By the end, we had a full implementation spec: folder structure, task file format, scheduling approach, agent behavior rules, Slack notification design, known risks, phased build plan, the works. It was written up as a detailed markdown document.
That document became the handoff.
The build: one afternoon with Claude Code
I opened Claude Code, handed the brief to Opus 4.7 and said: build it.
By the end of the afternoon, it was running. The folder structure existed. The runner script worked. LaunchD was configured. The agents were picking up test tasks from the inbox, working through them, and moving files to the review folder when done.
I didn’t write a single line of code myself. I reviewed the output, flagged a few things to adjust, and directed the build from a high level. That was my job.
This felt worth noting because the narrative around AI and technical work often assumes you need to be a developer to build something like this. You don’t. You need to be able to clearly describe what you want, review what you get, and iterate on it. Those aren’t developer skills. They’re thinking skills.
What my job looks like now
This is the part I didn’t fully anticipate before building it.
My role has genuinely changed. I’m not executing tasks anymore. I’m managing a team that executes tasks.
I review output. I approve what’s good. I send things back for revision with notes on what needs changing. I handle edge cases that need human judgment. I set the strategic direction for what we’re actually trying to accomplish.
The Scanner and Scout surface the work. The Completer does the work. I decide what matters, review the results, and stay focused on the things that actually need me in the loop.
The skill that matters most in this setup, the one I’ve gotten better at since building this: writing a clear brief. The quality of the agent’s output tracks almost directly with the quality of the task description. Vague in, vague out. Specific, well-structured brief in, solid work out.
That’s not a new lesson. It’s what good managers have always known about delegating to humans. It just turns out it applies equally well to agents. I’ve written more about this systems-level thinking in WordPress marketing if you want to go deeper on the underlying mental model.
A few honest notes
This isn’t without limitations.
The system only runs when my Mac is awake. LaunchD doesn’t fire with the lid closed. Tasks queue up and get processed when the machine is on, which works fine for my workflow but wouldn’t suit something that needs to run 24/7.
Long or complex tasks can occasionally hit context window limits. The checklist format helps by breaking big tasks into smaller steps, but it’s something to be aware of.

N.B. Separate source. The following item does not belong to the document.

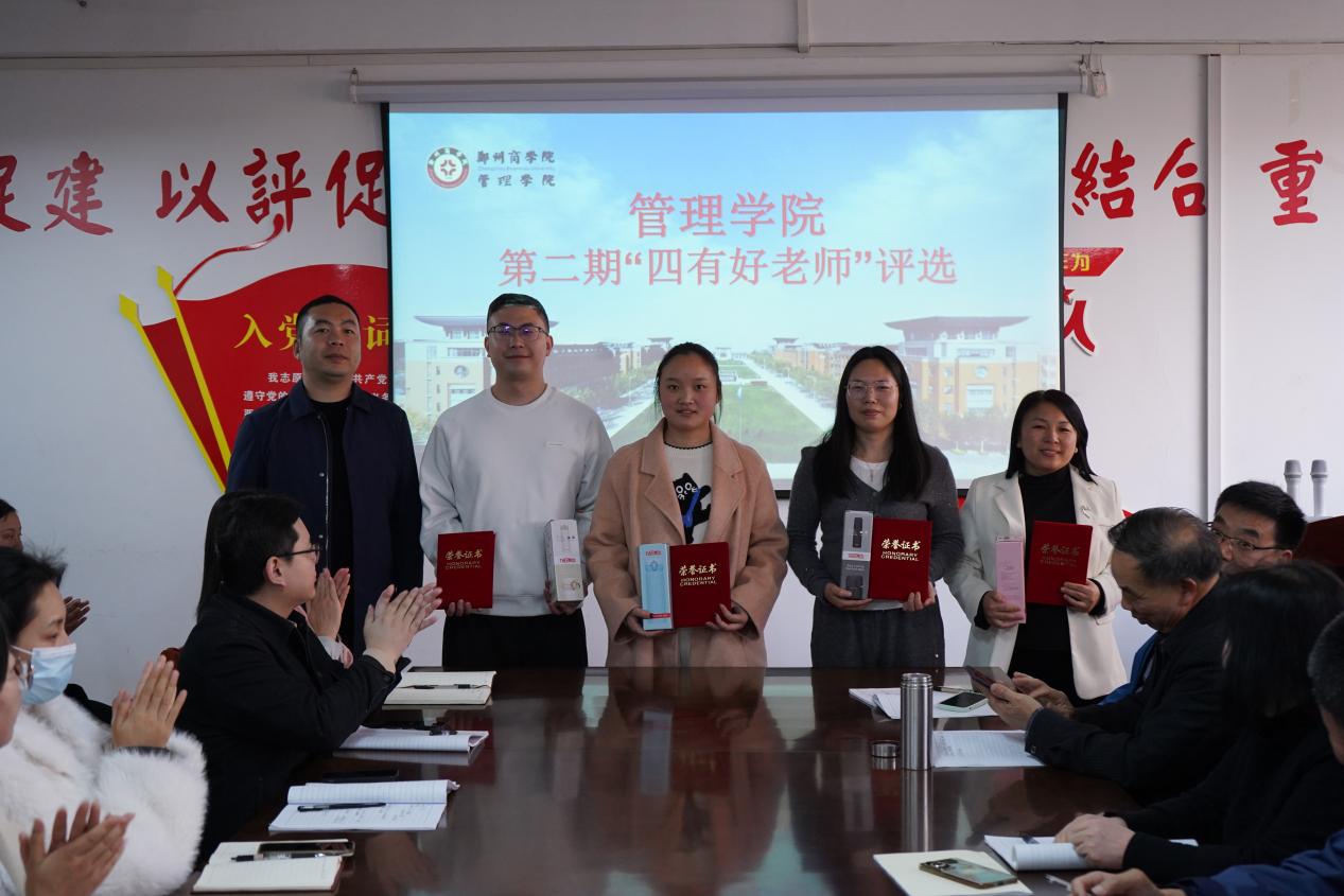 评选过程中,与会老师秉持公平、公正、公开的原则,以无记名投票方式进行民主评选。经过严谨细致的计票,最终3名教师和1名辅导员脱颖而出,荣获第二期“四有好老师”称号。宋书记为获奖人员颁发荣誉证书,对他们的辛勤付出与贡献给予充分肯定与赞扬。

And the pre-flight check matters. If a task description is too vague, the agent either makes assumptions that lead to mediocre output or moves it to blocked/, which means I have to clarify before anything happens. Either outcome is fine, but it reinforces the brief-writing point.
Why I’m writing this
I built this because I had a specific problem and a specific context. I’m not a developer. I wasn’t looking to build an impressive technical project. I was looking to use AI to its full potential, not just as a faster way to do what I was already doing.
What surprised me is how accessible this actually was. The design work took longer than the build. And the design work was just thinking, writing, and iterating. Things I’ve always done.

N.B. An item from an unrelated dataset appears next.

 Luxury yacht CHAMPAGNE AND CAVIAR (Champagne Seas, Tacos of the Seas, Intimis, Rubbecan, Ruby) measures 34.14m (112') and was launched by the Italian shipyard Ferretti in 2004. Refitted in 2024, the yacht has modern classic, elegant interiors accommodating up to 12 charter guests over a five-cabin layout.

If you’re in a similar role, running marketing or operations for a small-to-mid-sized SaaS company, and you’re doing a lot of repeatable work that follows a pattern, I think the architecture here is worth understanding. Not because everyone should build exactly this, but because the underlying pattern (agents that find their own work, an agent that executes, you as PM) applies broadly.
You don’t have to be a developer to build a team. You just have to know what you want and be able to describe it clearly.
This post is based on a system I built for internal use at GravityKit. Specific platform names and internal details have been kept general where appropriate.